I have written this code to perform a cointegration test on a list of tickers in order to return a list of cointegrated assets for every ticker in the list. I have modified slightly the code in the example called "How to Build a Pairs Trading Strategy on Quantopian?" because i am not very familiar with panels, so i'd stick with dataframes for now.

The link of the example:
https://www.quantopian.com/research/notebooks/Cloned%20from%20%22How%20to%20Build%20a%20Pairs%20Trading%20Strategy%20on%20Quantopian%3F%22%202.ipynb

So i have the same couple of symbols that came out to be cointegrated as in the example and they are 'ABGB' and 'CSUN'.
But when i move on and try to visualize the zscore in a plot i have totally different graphic results although the symbols are the same and the start time and end time are the same as in the example

Here is the code:

import pandas as pd  
import pandas.io.data as web  
import numpy as np  
import matplotlib.pyplot as plt  
import statsmodels  
from statsmodels.tsa.stattools import coint  
pd.options.display.mpl_style = 'default'

start= '2014-1-1'  
end= '2015-1-1'  
ticker_list = ['ABGB', 'ASTI', 'CSUN', 'DQ', 'FSLR','SPY']  
allData = {}  
for ticker in ticker_list:  
    allData[ticker]= web.get_data_yahoo(ticker, start, end)  
#just prices:  
total_df = pd.DataFrame({tic:data['Close'] for tic, data in allData.iteritems()})  
#percent variations:  
daily_returns= total_df.pct_change()[1:]  
#cumulative variations:  
return_index= (1 + daily_returns).cumprod()
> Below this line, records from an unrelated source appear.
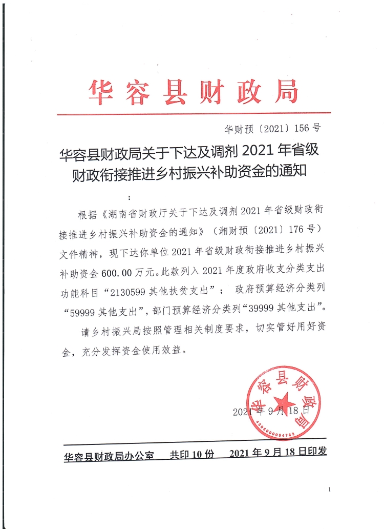 华容县财政局关于下达及调剂2021年省级财政衔接推进乡村振兴补助资金的通知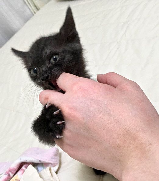 私にとってもこのくらいのチビ猫は初体験で、いろいろ戸惑いもあります。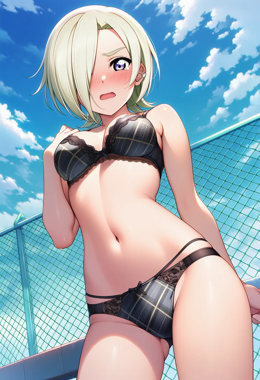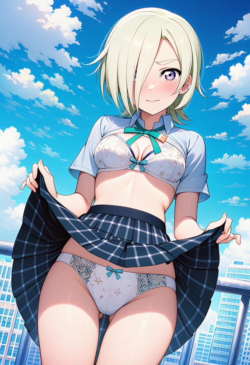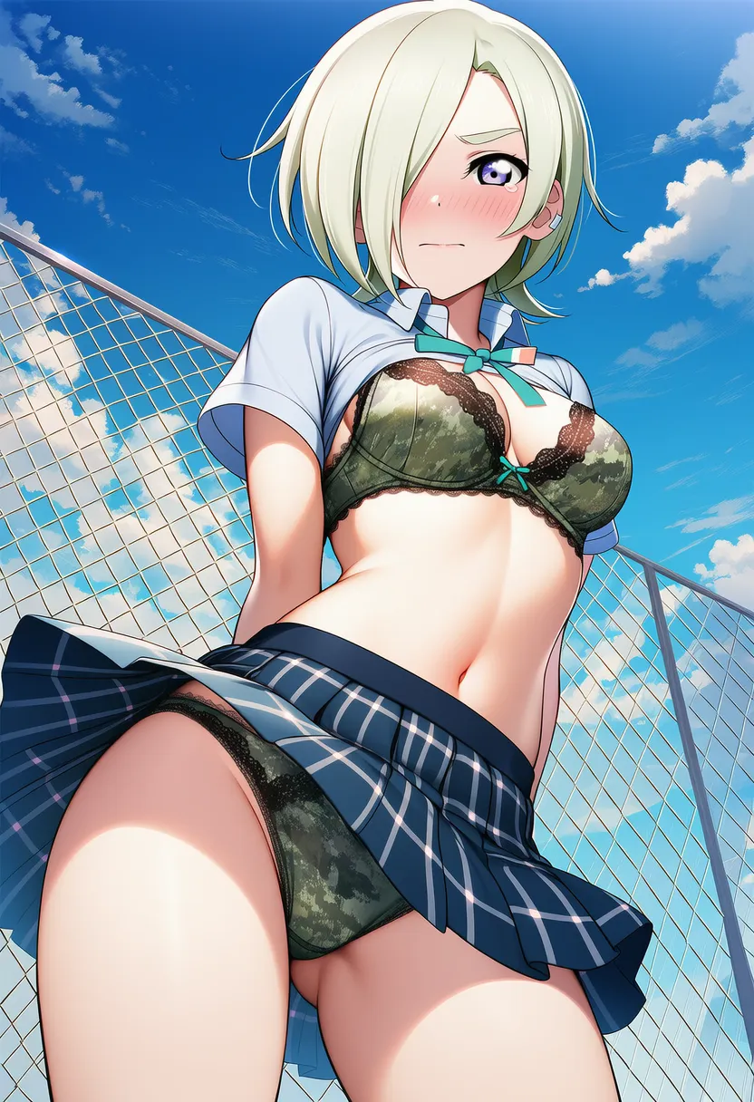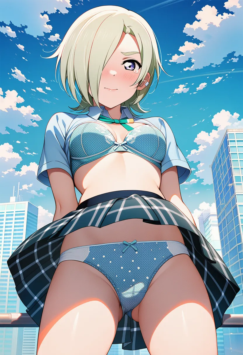 『ラブライブ!虹ヶ咲学園スクールアイドル同好会』のミア・テイラー(ショウ・ランジュ)の下着露出イラストです。pixivでは「下着チェック」シリーズとして投稿している内容です。クリック/タップで大きな画像を表示できます。

def cointegration_finder(ticker_list):  
    '''  
    populate the dictionary 'result' with each symbol as keys  
    and the list of symbols with wich it is cointegrated as values  
    then convert it to a dataframe for printing  
    '''  
    result= {}  
    for ticker in ticker_list:  
        compare_ticker_to_this_list = [x for x in ticker_list if x != ticker]  
        cointegrated_tickers = [x for x in compare_ticker_to_this_list if coint(total_df[x],total_df[ticker])[1]<.05]  
        result[ticker]= cointegrated_tickers  
    return pd.DataFrame.from_dict(result, orient='index')

df = cointegration_finder(ticker_list)  
print df


def zscore(series):  
    return (series - series.mean()) / np.std(series)

def visualize_spread(x, y):  
    score, pvalue, _= coint(x, y)  
    diff_series= x-y  
    zscore(diff_series).plot()  
    plt.axhline(zscore(diff_series).mean(), color='black')  
    plt.axhline(1.0, color='red', linestyle='--')  
    plt.axhline(-1.0, color='green', linestyle='--')  
    plt.figure(figsize=(15,8))  
    plt.show()

visualize_spread(total_df['ABGB'], total_df['CSUN'])  
8 responses

Hello Giuseppe,

I'd be happy to help figure out the mismatch. Would you mind replying to this thread with the actual notebook you're working on? If you'd prefer not to for privacy reasons I can try to work with what you have now. The link you shared won't work because it's specific to your account.

Also, indexing into a Panel should yield a DataFrame. I can share an example of this if you'd like.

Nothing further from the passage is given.